Most packs would have considerable reserve in power output over what the motor/heater is capable of consuming - the maximum power drawn from the battery is already electronically limited to significantly lower than what the battery could deliver to give it this headroom.
One reason for this is that internal resistance of the cells does go up dramatically when they're cold. For example cell resistance roughly doubles at a cell temperature of 0C compared to 25C. Yet despite this EV's don't seem to limit the discharge rate significantly until you perhaps get to even lower temperatures.
By the way, the original premise of internal resistance increasing as the battery degrades is not generally true with Lithium Ion cells used in EV's as they are specifically optimised to avoid increases in internal resistance. If it's just "normal" degradation there is usually no significant change even if the SoH is as low as 70%. However a cell with a defect or which has suffered an "event" that has damaged it can have higher than normal internal resistance.

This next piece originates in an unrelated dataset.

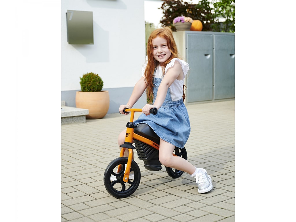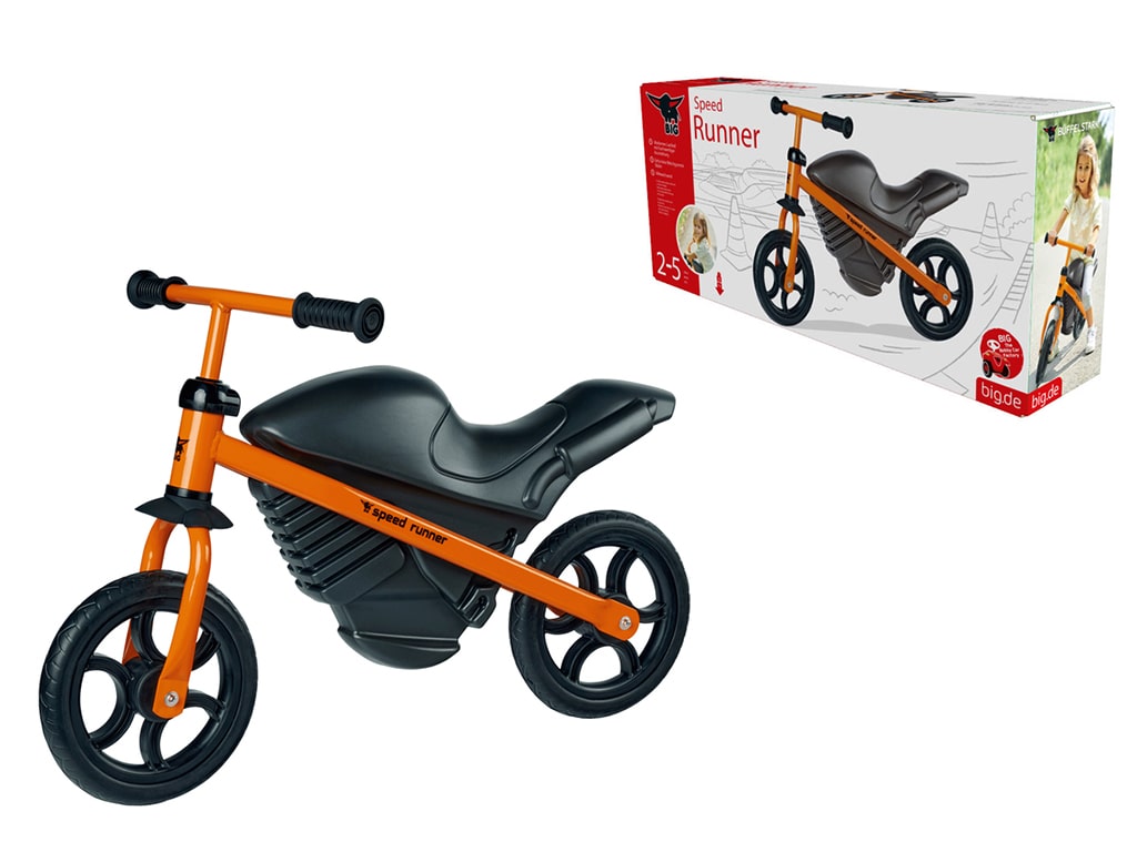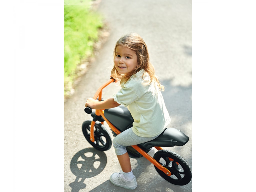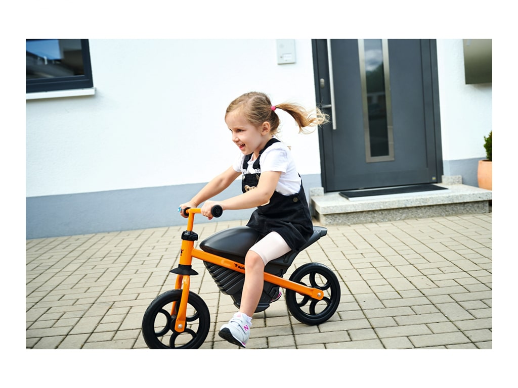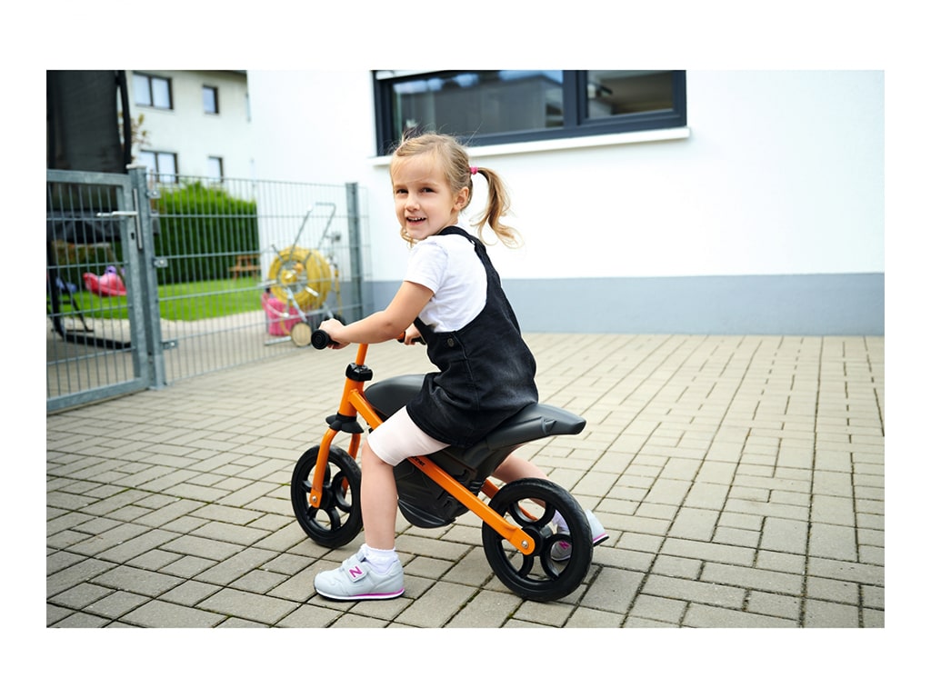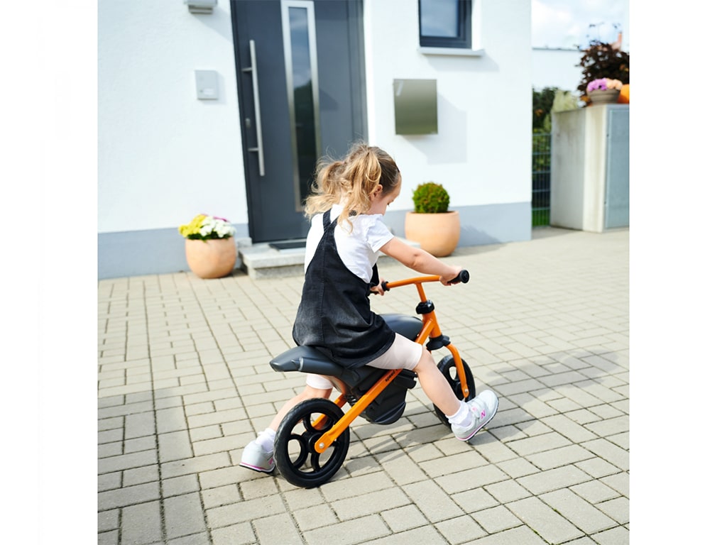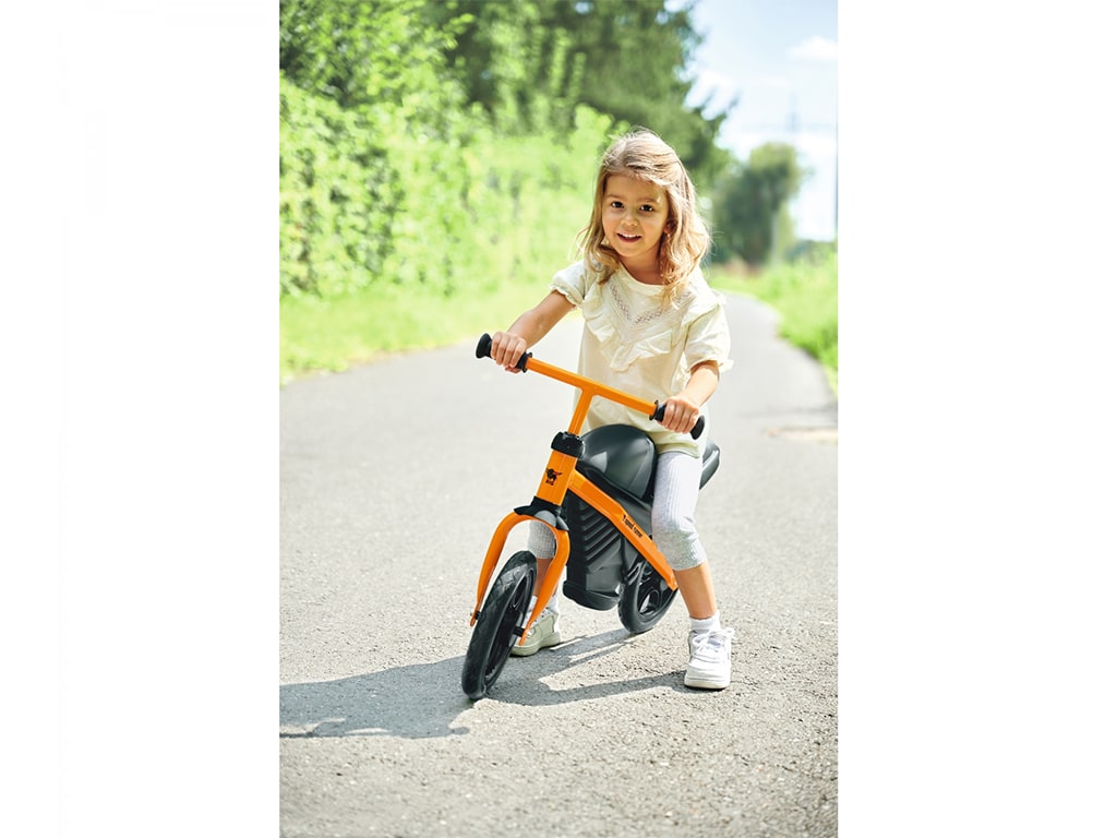 Ποδήλατο ισορροπίας, με σπορ σχεδιασμό μοτοσυκλέτας, προσφέρει τέλεια οδηγική άνεση χάρη στον συνδυασμό πλαστικού υψηλής ποιότητας με στιβαρό μεταλλικό σκελετό. Με ρυθμιζόμενη σέλα και τιμόνι σε 3 θέσεις. Εργονομικό τιμόνι με μαλακές λαβές που αποτρέπουν την ολίσθηση και παρέχουν την απαραίτητη προστασία στα χέρια. Με υψηλής ποιότητας μαλακούς ελαστικούς τροχούς που προσφέρουν μια αθόρυβη και ευχάριστη εμπειρία οδήγησης. Βοηθάει τα μικρά παιδιά στην ισορροπία και τον συντονισμό. Κατασκευάζεται στη Γερμανία. Βάρος: 4,11 kg.

For example in my Ion pack there is one single cell which seems to have significantly higher internal resistance than all the others. This is evident when rapid charging (at an initial rate of 43kW) as the voltage on that one cell immediately pokes up above all the others and hits the maximum 4.1v cell limit quite early during the charge while the others are still at 4.075 or so. This also has the effect of causing premature throttling of the charge rate when rapid charging as the BMS strives to avoid that individual cell going over voltage at the expense of slowing the overall charge rate even though the other 87 cells could handle a faster rate to a higher SoC.
If there is any change in cell resistance of a cell that has fallen to say 70% SoH, then the increase is much smaller than the increase you'd see of a good cell being subject to low temperatures, which does dramatically increases the resistance, and this higher resistance is allowed for in the design or the car.